En tant que « spectre blanc », la Yuki-onna est dépeinte comme une silhouette blanche qui se dresse soudain sur le chemin, par une nuit de tempête, sans laisser d'empreintes. Avant qu'elle n'approche, l'air se refroidit d'abord et le souffle gèle, blanc ; puis, dans la lueur de la neige, une femme à la longue traîne se découpe vaguement. Ce sentiment que « le froid l'annonce avant qu'elle ne vienne » est le cœur commun des récits de rencontre à travers les régions. Son visage seul est d'une pâleur translucide, ses yeux brillent de l'intérieur, et soit elle ne répond pas quand on lui parle, soit elle demande votre nom à voix basse. Dans bien des versions, l'interdit est celui-ci : répondez à sa question et votre force vitale est aspirée ; gardez le silence et vous êtes épargné.

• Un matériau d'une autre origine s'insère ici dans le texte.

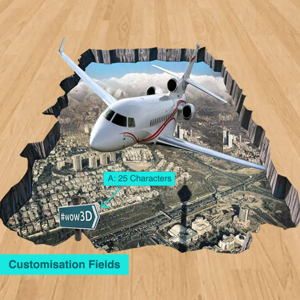 Airplane comes out of big hole top a city 3D floor sticker [cutomizable text]
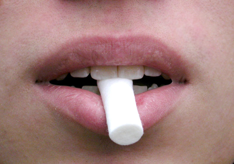 3. Anschließend legen Sie eine Watterolle zwischen die oberen und unteren Schneidezähne und laufen 5 Minuten damit herum, wobei Sie mehrfach die Laufrichtung wechseln.
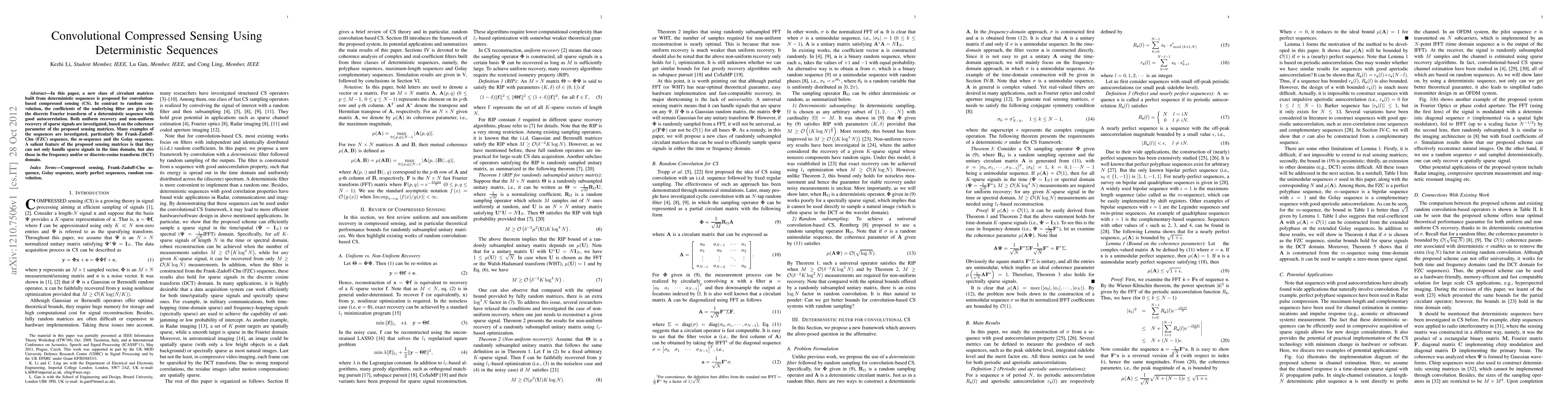This paper introduces a new class of circulant matrices derived from deterministic sequences for convolution-based compressed sensing, contrasting with random convolution. It investigates both uniform and non-uniform recovery of sparse signals using coherence parameters, showcasing the effectiveness of sequences like Frank-Zadoff-Chu, m-sequence, and Golay.
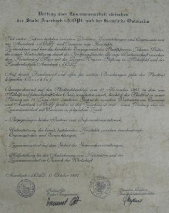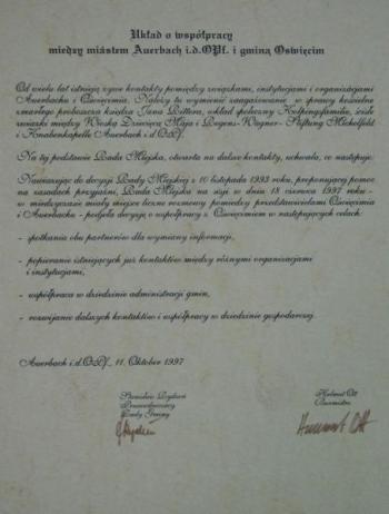 W 1997 roku Gmina Oświęcim podpisała porozumienie o wzajemnej współpracy z bawarską Gminą Auerbach. Dwustronne kontakty mają na celu poznanie języka w środowisku rodzinnym partnera, zapoznanie się z historią i kulturą jego kraju, praktyki zawodowe, wymianę doświadczeń. Do podpisania porozumienia doszło dzięki wieloletnim kontaktom mieszkańców Auerbach z przedstawicielami Fundacji "Maja" oraz pracownikami i wychowankami Wioski Dziecięcej im. Janusza Korczaka w Rajsku.
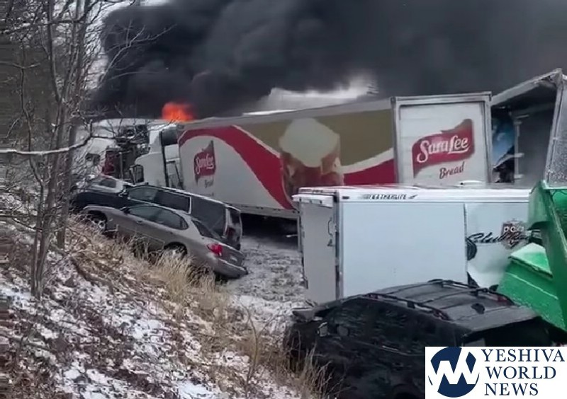 Footage uploaded to social media on Monday showed an out of control tractor-trailer smash into a large dump truck, turning it nearly 180 degrees. Another large truck spewed black smoke and orange flames into the air and an SUV struck a passenger car sending the sedan spinning, narrowly missing its driver who stood on the shoulder of the highway shrouded in snow and fog.
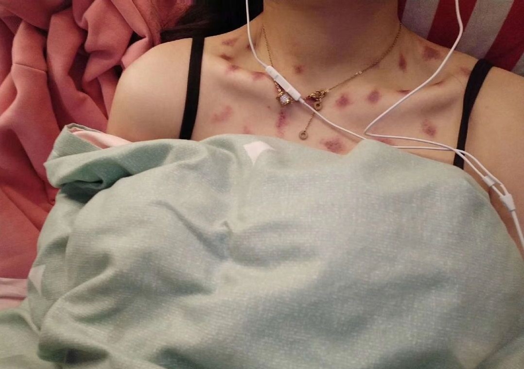 微博上别人发的,感觉有点狠啊,脖子锁骨那都是红色的痕迹,看着就疼
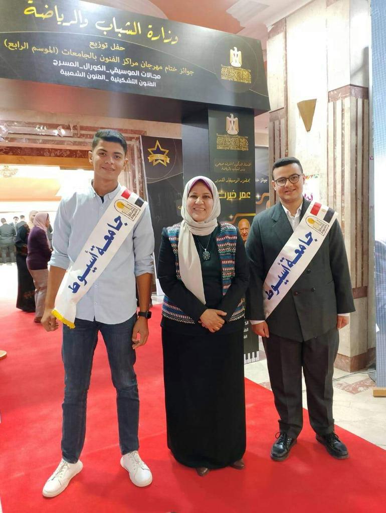 وقد فاز من جامعة أسيوط الطالبين؛ محمد محمود بالمركز الثانى فى مجال الفنون التشكيلية " أشغال فنية " ، وفادى رمزى على المركز الثالث فى مجال العزف الموسيقى الفردى " آلة العود، وتم تكريم الطلاب الفائزين فى حفل ختام مراكز الفنون بالجامعات الموسم الرابع؛ من قبل الدكتور أشرف صبحى وزير الشباب والرياضة، وتكريم الموسيقار عمر خيرت على مشواره الفنى.ً
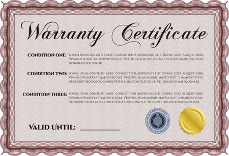 Sample Warranty. Border, frame. Beauty design. With linear background.
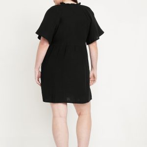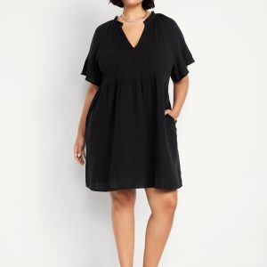 Split-Neck Crinkle Gauze Mini Swing Dress: A light, rippled fabric that’s begging to be beachside.ruffled split v-neck, short flutter sleeves, hip pockets, shirred detail, mini length, #705169
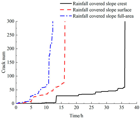 The evolution of the crack number during rainfall is depicted in Figure 9. It shows that the crack propagation patterns in the slope body are similar. Initially, cracks develop slowly. However, once the threshold of slope failure is reached, the number of cracks rapidly increases, ultimately resulting in complete slope failure. Under rainfall-covered slope crest conditions, the first crack appears at the slope toe after 5 h of rainfall, and the cracks suddenly enlarge at 36.8 h. As explained in Section 4.1, the water does not infiltrate the slope toe during failure, leaving the soil strength unchanged due to the absence of rainfall infiltration. It can be inferred that the main reason for failure is that rainfall infiltration increases the soil’s unit weight and downward seepage forces, thereby enhancing the sliding force. For the rainfall-covered slope surface, a significant increase in cracks occurs at 16.2 h, followed by rapid crack growth, leading to slope surface failure at 16.6 h. Rainwater infiltrates the failure surface, and the weakening of soil strength, seepage, and increased soil unit weight caused by the water leads to soil failure. At 0.4 h, cracks appear at the slope toe under full-area infiltration conditions. A significant mutation occurs at 11 h, and, by 12.4 h, the cracks grow continuously until complete penetration and slope failure. Comprehensive slope infiltration includes two working conditions that negatively impact slope stability, crest infiltration and slope surface infiltration, which accelerate the slope’s failure process.
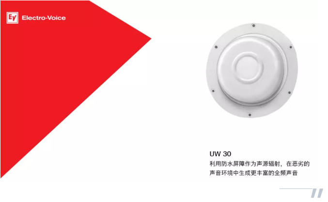 考慮到潛游以及水下花樣游泳的訓練和表演,我們還在游泳池底部選用了EV旗下UW30系列水下揚聲器,確保在水中的人可以清晰地聽到音樂以及岸上人員通過麥克風傳遞的信息,而不需要另外的接收器。
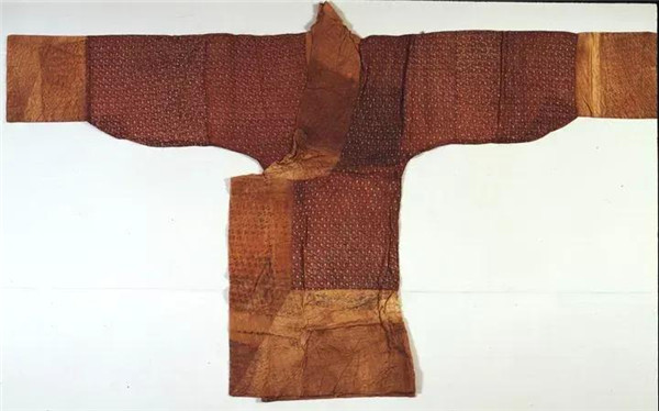 印花敷彩紗直裾絲綿袍出土于馬王堆一號(hào)漢墓,是辛追夫人生前最喜愛的服飾之一。其面料為印花敷彩紗,里、袖、領(lǐng)、緣為絹,內(nèi)絮絲綿,是目前世界上發(fā)現(xiàn)最早的印花與彩繪相結(jié)合的絲織品。一號(hào)墓竹笥共出土3件印花敷彩紗絲綿袍,其款式基本相同。
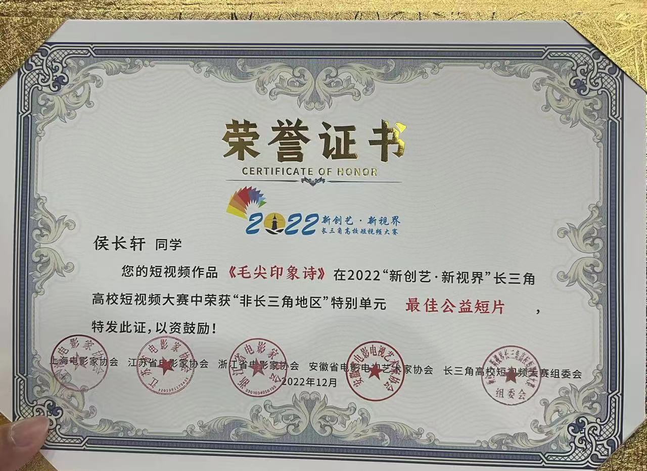 3月18日,2022“新创艺·新视界”长三角高校短视频大赛颁奖典礼在合肥圆满落下帷幕。大赛经过网络投票、初审和终审三个阶段,最终共评出28部获奖作品。由公司2026年国际足联世界杯田华老师指导,侯长轩、蔡嘉诚、陈城市共同创作的短视频作品《毛尖印象诗》荣获“非长三角地区”特别单元最佳公益短片。
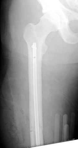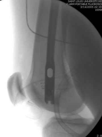 По поводу открытого перелома больной ургентно взят на ретроградное интрамедулярное штифтование, после рутинного дебрайдмента и фасциотомии на бедре и на голени.
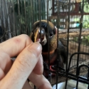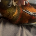 Very playful, friendly, and confident, with a lovely temperament. Enjoys interaction and loves a good neck scratch. Has been well handled and would make a fantastic companion bird.
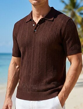 Homens Camisas Polo Polo de malha trançada Casual Rua Lapela Manga Curta Básico Moderno Tiras verticais Leve Botões Verão Primavera Normal Branco Marron Camisas Polo
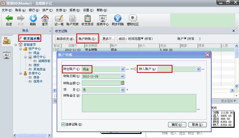2、也可以,点击“收支流水账”,选择“账户转账”,出现账户转账信息页面。选择转账账户,录入金额等,点击“确定”,即完成一笔转账记录。

Le récit de Minokichi et d'O-Yuki que Lafcadio Hearn a consigné dans Kwaidan[3] rend cette image du spectre blanc avec le plus de netteté. Après avoir glacé à mort le vieux bûcheron Mosaku dans une cabane prise par la tempête, la femme des neiges ne laisse au jeune Minokichi qu'un seul ordre : ne raconte à personne ce que tu as vu cette nuit. Plus tard, Minokichi épouse une voyageuse nommée O-Yuki, a des enfants et vit heureux — jusqu'à ce qu'une nuit de neige, contemplant le pâle profil de sa femme qui coud à la lampe, il y retrouve le visage de la femme des neiges d'autrefois et laisse échapper les mots. O-Yuki se révèle, déclare ne l'épargner que par amour pour leurs enfants, et s'évanouit par le trou à fumée en une brume blanche. Un lien scellé par un seul mot interdit se dénoue : le chagrin de la séparation, et la femme de l'autre monde éprise d'un humain, se cristallisent ici.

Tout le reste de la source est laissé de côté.